Самое страшное, это когда кричат на детей. Отец никогда в жизни не крикнул на меня. Он позволял спорить с ним, он терпел даже тогда, когда я начал повышать голос: если не хватает логики, верх берут чувства - он обижался, затворялся в себе, но ни разу, сколько я помню его, не смел унизить меня окриком, потому что ребенок лишен права на защиту, ибо его защита - слезы, а это путь в трусость и бессилие.
Папу часто отправляли от школы на литературные конкурсы, викторины и конференции. На одной из конференций в 47-м году шестнадцатилетним мальчишкой он впервые повстречался с писателем Борисом Полевым, с которым впоследствии неоднократно пересекался по репортерским и писательским делам.
Из дневника отца 1963 года.
Первое знакомство наше состоялось в библиотеке имени Сталина на читательской конференции, посвященной "Повести о настоящем человеке". На эту конференцию приехал Борис Николаевич.
Отец дал машину - маленький вишневый БМВ, и мы поехали за Полевым в "Правду", и я, молодой барчук, сидя в машине рядом с шофером, хвастал Полевому о том, как я жил в Германии в 45-м году. Он тогда, как я сейчас припоминаю, очень весело, с каким-то забавным недоумением смотрел на меня, кивал головой и улыбался. Вот ведь любопытно - всегда этот человек ассоциируется у меня с улыбкой. А потом, в зале, я взял слово и стал выступать, причем выступал, как я сейчас вспоминаю, неприлично, скучно и ему знакомо. Правда, наши матроны и ахали и восхищались мною, но я-то почти слово в слово повторял критическую статью о Полевом, которая была напечатана то ли в "Знамени", то ли в "Новом мире", то ли еще в каком-то толстом журнале. Полевой чувствовал, что выступает не читатель, а тот самый выступатель, которого готовят, как жеребца перед пробежкой, учитель литературы, комкающий в уголке платочек от нервного возбуждения, и библиотекарша с холодными от волнения руками.

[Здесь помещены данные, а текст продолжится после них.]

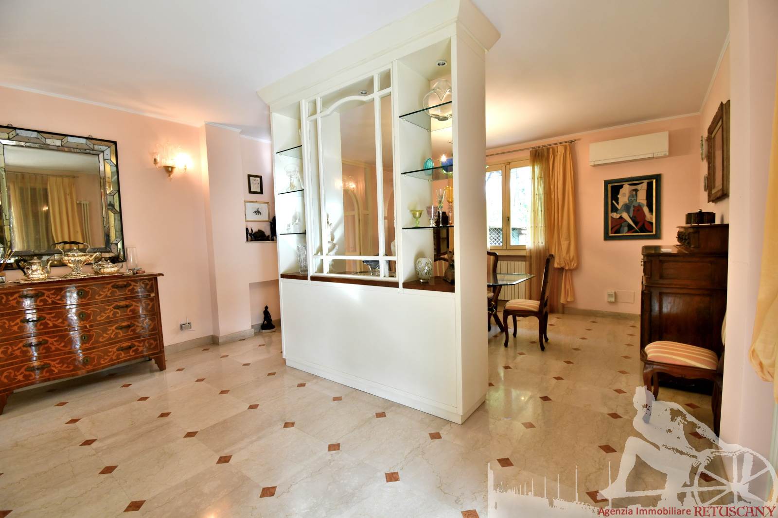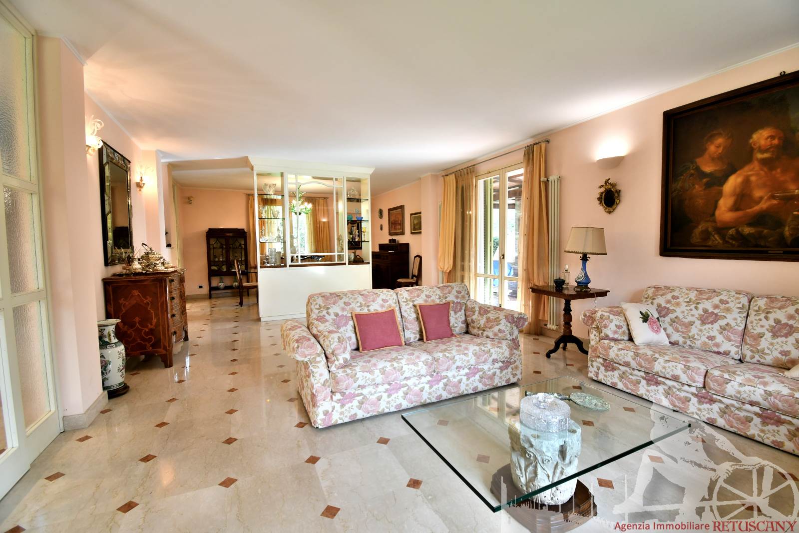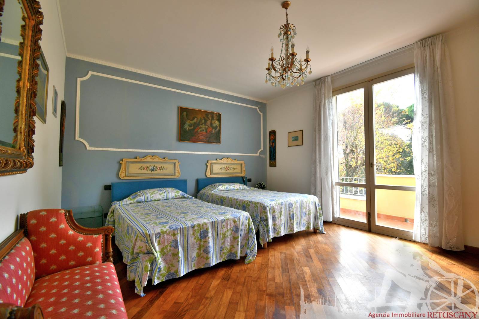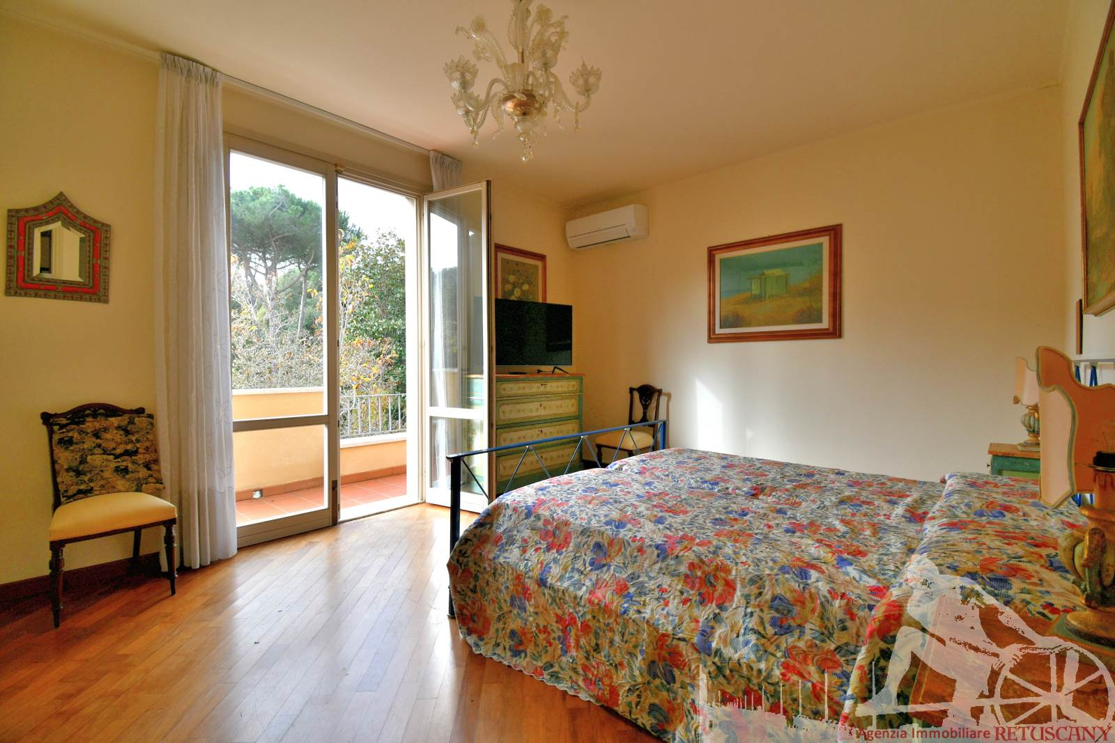 Prestigiosa villa di grandi dimensioni nella pineta di Ronchi, con parco privato e posti auto interni alla proprietà, distribuita su tre livelli fuori terra. Abitazione di circa 450 mq compreso un sottotetto in parte abitabile e in parte comunque fruibile in totalità, giardino di circa 3.000 mq, distanza dal mare circa 400 metri. Al piano terra: ingresso su vano scala, doppio soggiorno con zona pranzo, cucina abitabile, ampio studio, bagno con antibagno, disimpegno, ripostiglio, spazi esterni per il pranzo e il soggiorno all'aperto. Al piano primo: quattro camere matrimoniali di cui una con ampio bagno privato, due ulteriori bagni, disimpegni, tre balconi che servono direttamente tre delle quattro camere. Al piano sottotetto: studio/soggiorno, camera, bagno, disimpegno e ampio locale a destinazione soffitta ma di altezza completamente fruibile.
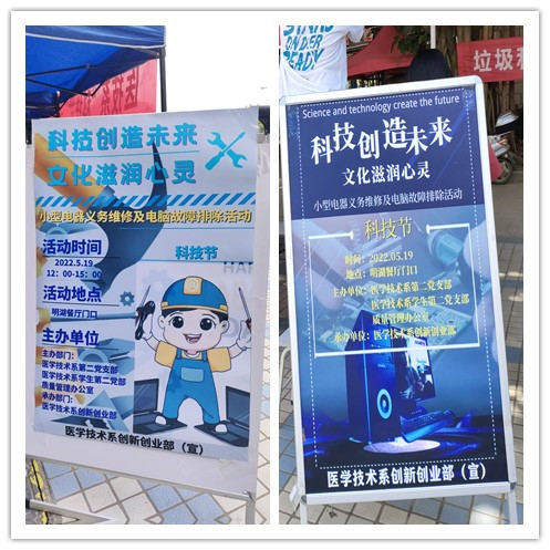 科技創(chuàng)造未來,技能造福人類。在如今科技高速發(fā)展的時代背景下,為了響應學校提高大學生科學素質的號召,實現(xiàn)推進高??茖W技術發(fā)展的目的,秉承“業(yè)精德誠”的校訓,醫(yī)學技術系第二黨支部、質量管理辦公室,醫(yī)學技術系學生第一黨支部及學生第二黨支部聯(lián)合系團總支創(chuàng)新創(chuàng)業(yè)部于2022年5月19日在校明湖廣場舉辦以“科技創(chuàng)造未來,文化滋潤心靈”為主題的第二屆科技節(jié)之小型電器義務維修及電腦故障排除活動。
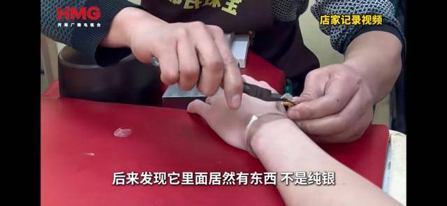 按照回收惯例,店员需先将银手镯剪开,检查是否有杂质并检测纯度,以此确定回收价格。可当手镯被剪开的刹那,在场所有人都大为震惊 —— 手镯内部并非纯银质地,反倒露出了一抹亮眼的黄色。
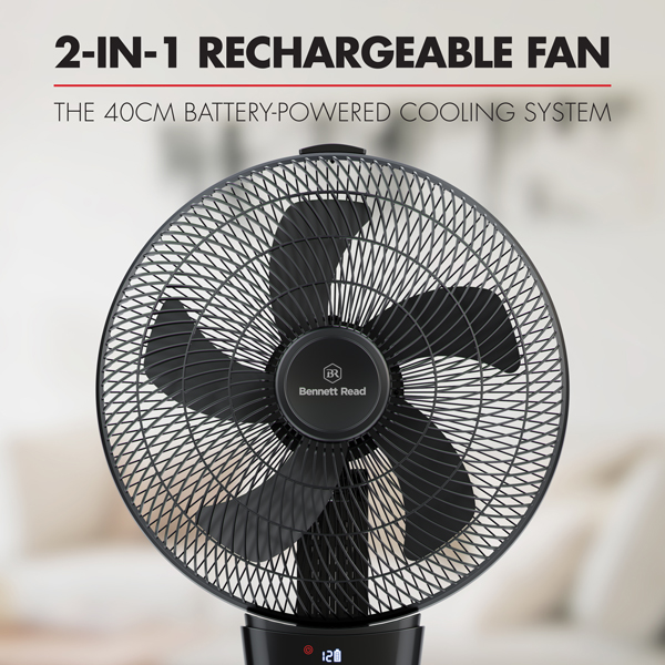 Stay refreshed, cool & cable-free with conveniently customisable airflow! Refreshingly cool cable-free convenience! The Bennett Read® 2-in-1 Rechargeable Fan is equipped with cutting-edge battery technology to provide you with long-lasting, instantly-cooling airflow, even when grid power is unavailable! Convenient battery power. Boasting an impressive 4000mah lithium-ion battery for portable, long-lasting relief from the summer heat! Charges in just 3 hours - perfect for power outages! Digital display & remote control. Modern display with 12 easy-touch speed settings to regulate airflow for the ultimate in cool comfort. Ultimate airflow control. Designed to deliver maximum cooling airflow with oscillation, tilt-control & height-adjustment features. Customise your cooling. Conveniently converts from a tall, height-adjustable pedestal fan to a compact desk fan. Extended warranty. Your Bennett Read® 2-in-1 Rechargeable Fan comes standard with a 1 year warranty. Register your warranty online at www.bennettread.co.za/warranty & we’ll extend it to a full 2 years.

Помню, я тогда сказал Полевому: "Вот, Борис Николаевич, у Вас в "Повести" серьезная ошибка. Там написано, что Мересьев полз по зимнему лесу и слушал, как куковала кукушка, а на самом деле кукушка зимой не кукует". Это я, конечно, вычитая в критической статье. Мои слушатели захлопали. А Полевой все с той же доброй, спокойной улыбкой смотрел на меня и кивал головой. Потом его прекрасное выступление в печати против лактионовского замазывания в живописи. Против ларионовской картины, когда в новую комнату вселяется семья и первой входит девочка, неся в руках портрет Сталина. Он очень честно выступал в это время.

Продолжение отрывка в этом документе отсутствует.